Just like what spark has done in the submit client.  
[https://github.com/apache/spark/pull/29533/files] 

 

> ExecutorPodsWatchSnapshotSource: Kubernetes client has been closed
> --
>
> Key: SPARK-33349
> URL: https://issues.apache.org/jira/browse/SPARK-33349
> Project: Spark
>  Issue Type: Bug
>  Components: Kubernetes
>Affects Versions: 3.0.1, 3.0.2, 3.1.0
>Reporter: Nicola Bova
>Priority: Critical
>
> I launch my spark application with the 
> [spark-on-kubernetes-operator|https://github.com/GoogleCloudPlatform/spark-on-k8s-operator]

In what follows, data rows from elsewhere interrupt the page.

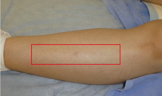 BMIは20台だが脛骨の軽度突出あり。手術中から術後離床できるまで弾性ストッキングを着用。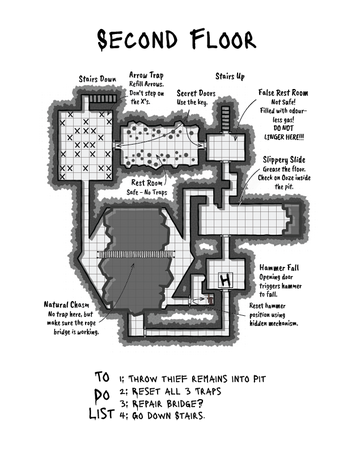 The Thief Trap is a dungeon designed to kill thieves, highwaymen, and bandits. It is a well known location, which the local town deceives others to think that it holds all of their treasure. However, the adventurer’s are not thieves. They are contracted to scout out the dungeon, repair and reset the traps, and remove the remains of the thieves who died here.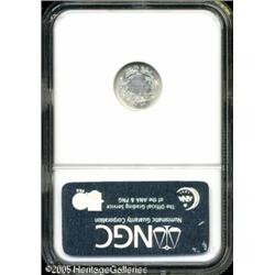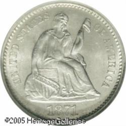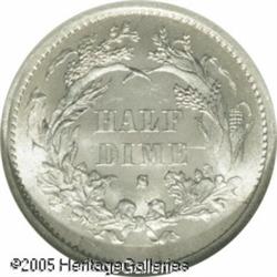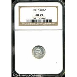 <B>1871-S H10C MS66 NGC.</B></I> The S mintmark is inside the wreath, as on all 1871-S half dimes. It was during the following year that the mintmark location was changed. This delightful Gem has fully lustrous and frosty surfaces. Both sides are fully brilliant without any trace of toning. Equivalent to the finest certified by either PCGS or NGC. Population: 3 in 66, 0 finer (1/05). Lot:6151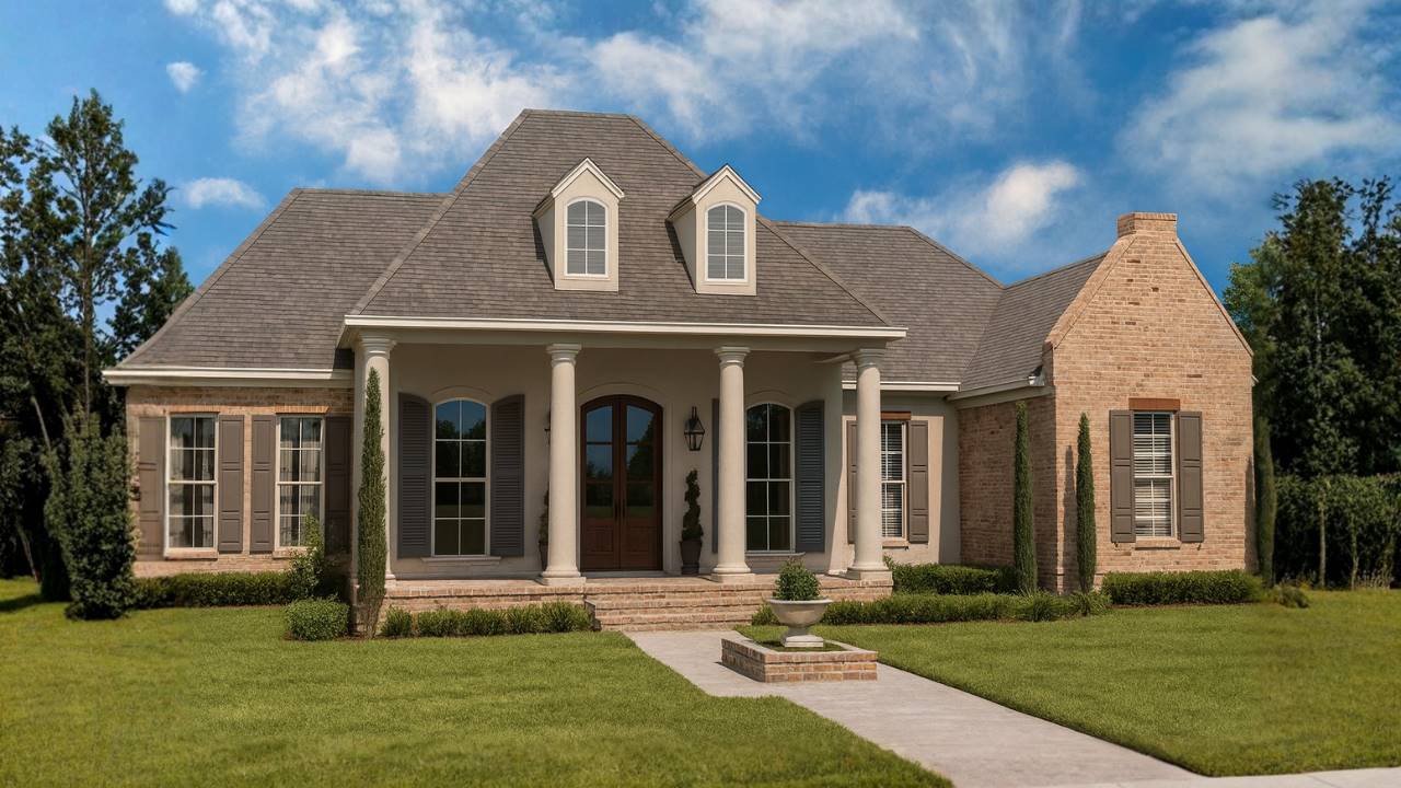 Arches and shutters lend a French country feel to this stately house plan, with four bedrooms, three full baths, two half-baths and a luxury 3,001 square feet of living area. Welcome guests on the front porch of the home plan, and then show them into the spacious family room, to relax in front of a crackling fire. Expand any gathering to the sizable rear verandah with its handy summer kitchen. The wide-open main kitchen offers island snack space for four. Note the convenient pantry and the adjacent dining room. Retire to the peaceful master suite at day's end. The private bath boasts a focal-point tub, a walk-through shower and two vanities. Note the walk-in closet and the important safe room for storm protection. Two more bedrooms have personal baths. A workout room, which could accommodate overnight guests, lies near a pet domain. Our customers love the large workshop at the rear of the home design.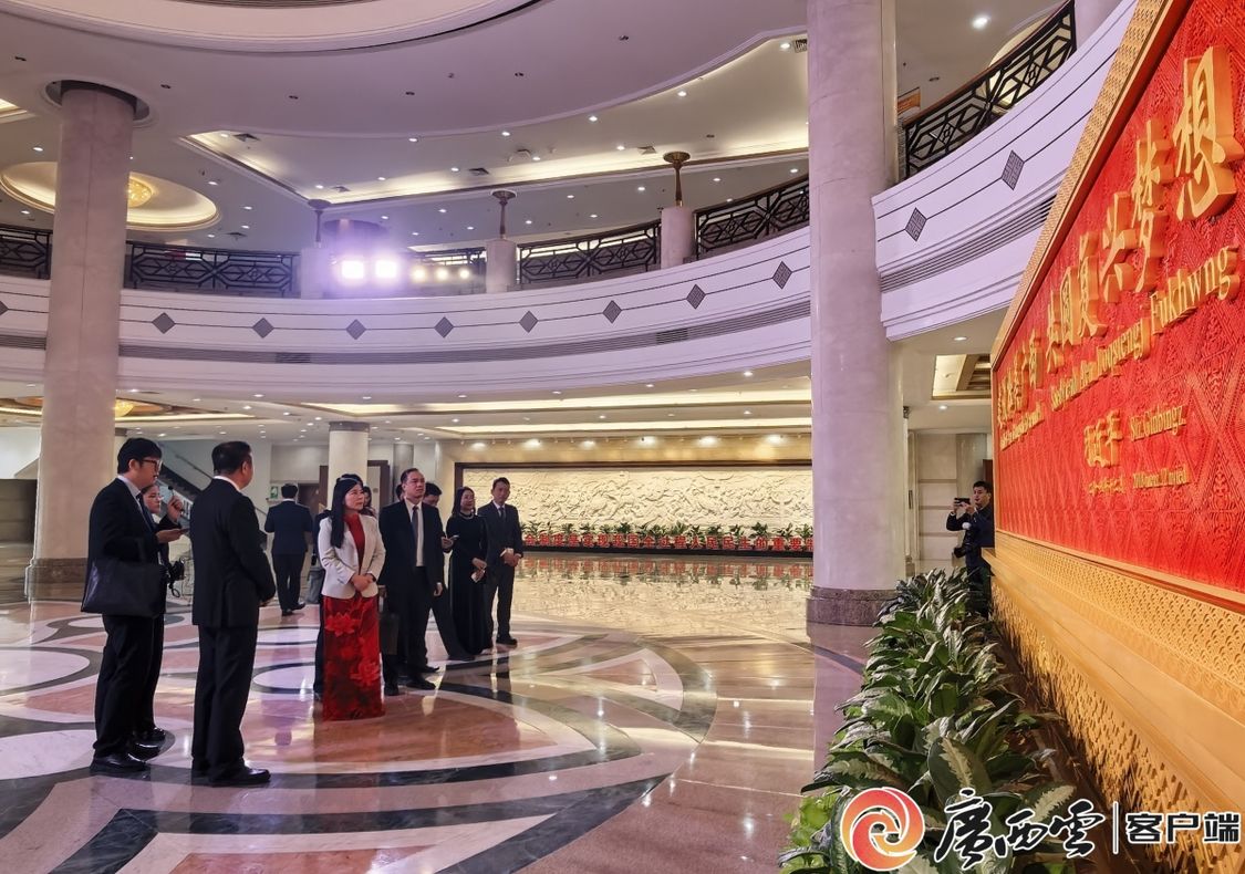 越南宣光省人民议会代表团参观广西人民会堂。广西云-广西日报记者 佘鸿雁 摄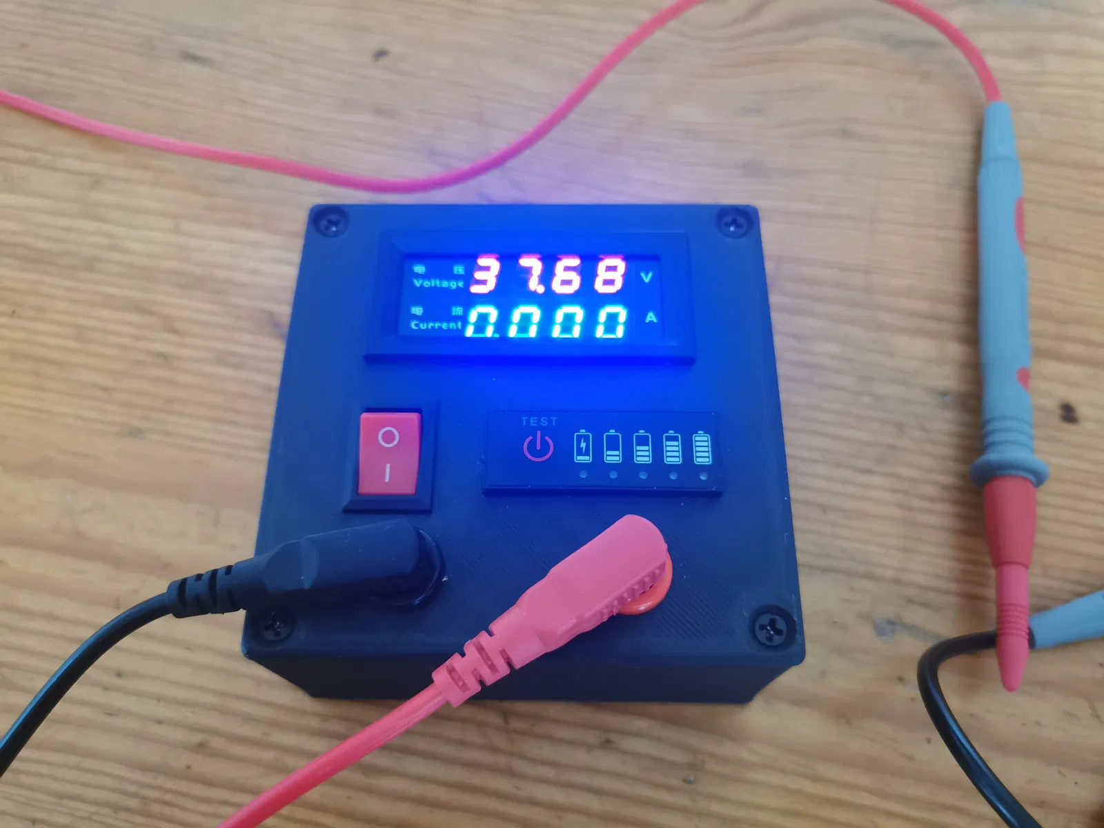 Đây là một bộ test LED hoàn chỉnh có Voltmeter và Ammeter, cho phép test LED/diode và hiển thị điện áp (voltage) cùng dòng điện (ampérage). Thiết bị dùng pin nên hoạt động độc lập. Có cổng USB-C để sạc, kèm 2 diode báo trạng thái (đang sạc – đã sạc). Máy có công tắc nguồn. Bản vẽ/hướng dẫn để tự làm có thể dễ dàng tìm trên YouTube. Mình có bổ sung thêm bộ test pin để kiểm tra xem thiết bị có bị hết pin không và sẵn sàng sử dụng.

>  with the following yaml file:
> {code:yaml}
> apiVersion: sparkoperator.k8s.io/v1beta2
> kind: SparkApplication
> metadata:
>    name: spark-kafka-streamer-test
>    namespace: kafka2hdfs
> spec: 
>    type: Scala
>    mode: cluster
>    image: /spark:3.0.2-SNAPSHOT-2.12-0.1.0
>    imagePullPolicy: Always
>    timeToLiveSeconds: 259200
>    mainClass: path.to.my.class.KafkaStreamer
>    mainApplicationFile: spark-kafka-streamer_2.12-spark300-assembly.jar
>    sparkVersion: 3.0.1
>    restartPolicy:
>  type: Always
>    sparkConf:
>  "spark.kafka.consumer.cache.capacity": "8192"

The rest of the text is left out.